John Prior

Personal information
- Full name: John Andrew Prior
- Born: 14 June 1960 (age 66) Dublin, Leinster, Ireland
- Batting: Right-handed
- Bowling: Right-arm medium

Domestic team information
- 1981–1986: Ireland

Career statistics
| Competition | First-class | List A |
| Matches | 6 | 3 |
| Runs scored | 232 | 53 |
| Batting average | 25.77 | 17.66 |
| 100s/50s | 0/2 | 0/1 |
| Top score | 87 | 50 |
| Balls bowled | 311 | 102 |
| Wickets | 3 | 0 |
| Bowling average | 39.66 | – |
| 5 wickets in innings | 0 | 0 |
| 10 wickets in match | 0 | n/a |
| Best bowling | 2/7 | – |
| Catches/stumpings | 3/– | 1/– |
- Source: Cricinfo, 24 October 2018

= John Prior (cricketer) =

Irish cricketer

John Andrew Prior (born 14 June 1960) is a former Irish first-class cricketer.

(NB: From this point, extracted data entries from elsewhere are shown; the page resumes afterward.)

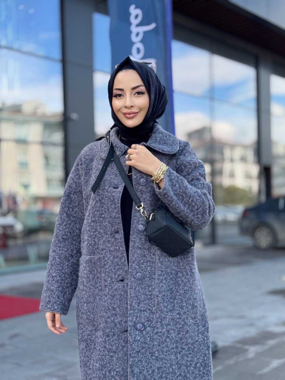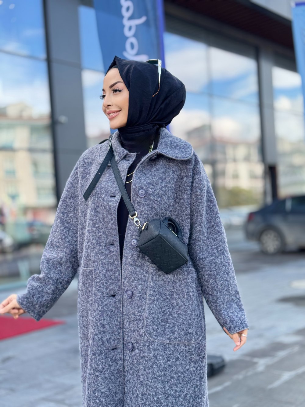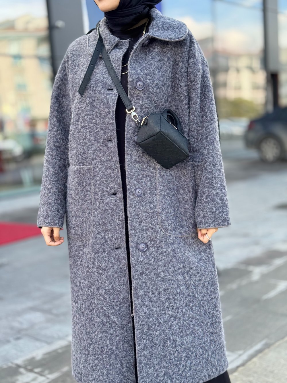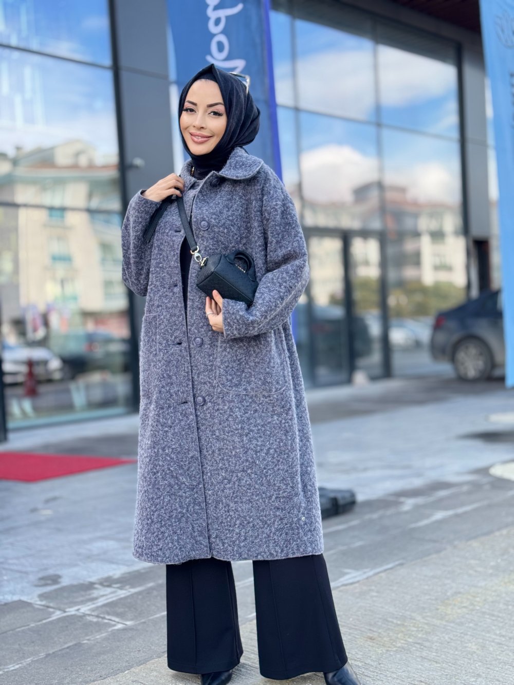 36638 Melanjlı Kaşe Bukle Kaban Antrasit
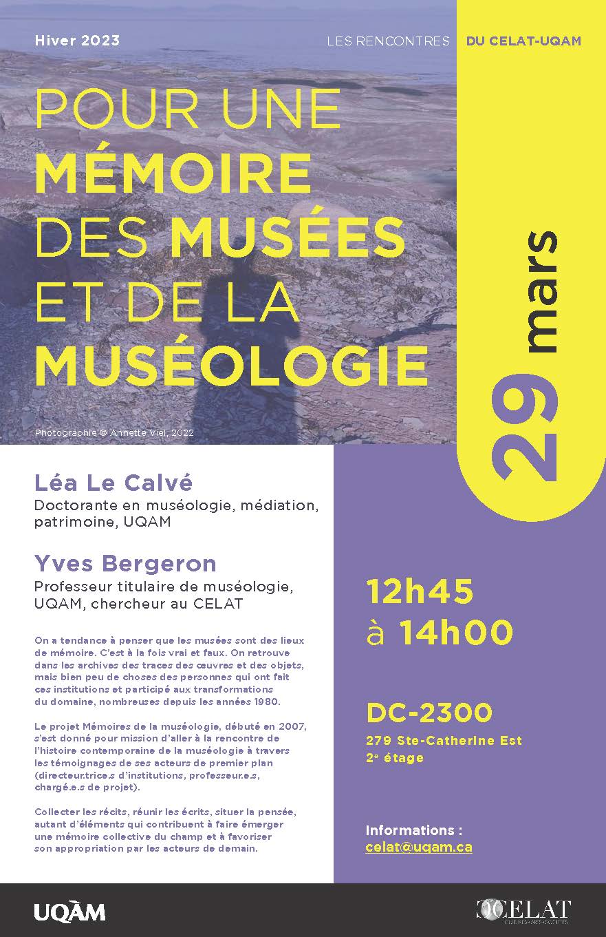 Dans le cadre de la série « Les rencontres du CELAT-UQAM », nos membres Léa Le Calvé, doctorante en muséologie, médiation, patrimoine à l’UQAM, et Yves Bergeron, professeur titulaire de muséologie à l’UQAM, présenteront la conférence « Pour une mémoire des musées et de la muséologie » le mercredi 29 mars, de 12 h 45 à 14 h, dans les locaux du CELAT-UQAM (DC-2300). Interprétation en LSQ disponible sur demande (celat@uqam.ca). Bienvenue à tous et à toutes!
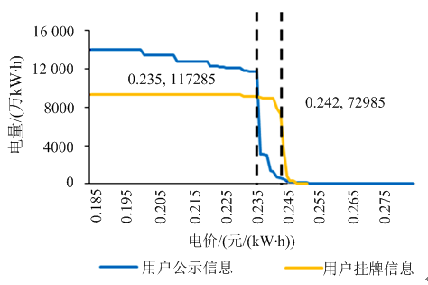 最后進(jìn)入到用戶掛牌、電廠摘牌環(huán)節(jié)。用戶掛牌電量9.32億kW•h,均價0.242元/(kW•h),較公示價格提高0.009元/(kW•h)。用戶掛牌的需求曲線
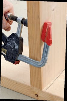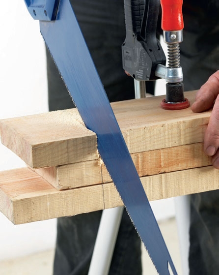 On hankala merkitä ja sahata kahta tai useampaa lautaa täysin identtisiksi. Laudat kannattaa työstää yhdellä kertaa. Tee merkit yhteen lautaan, aseta se päällimmäiseksi ja purista muut siihen kiinni. Nyt voit sahata ja porata merkin mukaan, ja kaikista laudoista tulee täysin samanlaiset.

Prior was born at Dublin in June 1960, where he was educated at Belvedere College. After completing his secondary education, he studied at the National Institute for Higher Education. After finishing his studies, Prior worked as an accountant. Playing his club cricket for Old Belvedere, Prior made his debut in first-class cricket for Ireland against Scotland at Dublin in 1981. He made his debut in List A cricket against Sussex in the 1983 NatWest Trophy. He played first-class and List A cricket for Ireland until 1986, making six appearances in first-class cricket and three in List A cricket. In first-class cricket, he scored 232 runs at a batting average of 25.77, with a high score of 87. This score, one of two half centuries he made, came against Scotland in 1984. With his medium pace bowling, Prior took 3 wickets with best figures of 2/7. In List A cricket, he scored 53 runs with a high score of 50, which came against Surrey at The Oval in the 1984 NatWest Trophy. His playing career for Ireland came to an end in 1986, and in 1988 he emigrated to Sydney to take up a position with IBM. While in Australia, he played second grade club cricket in Sydney.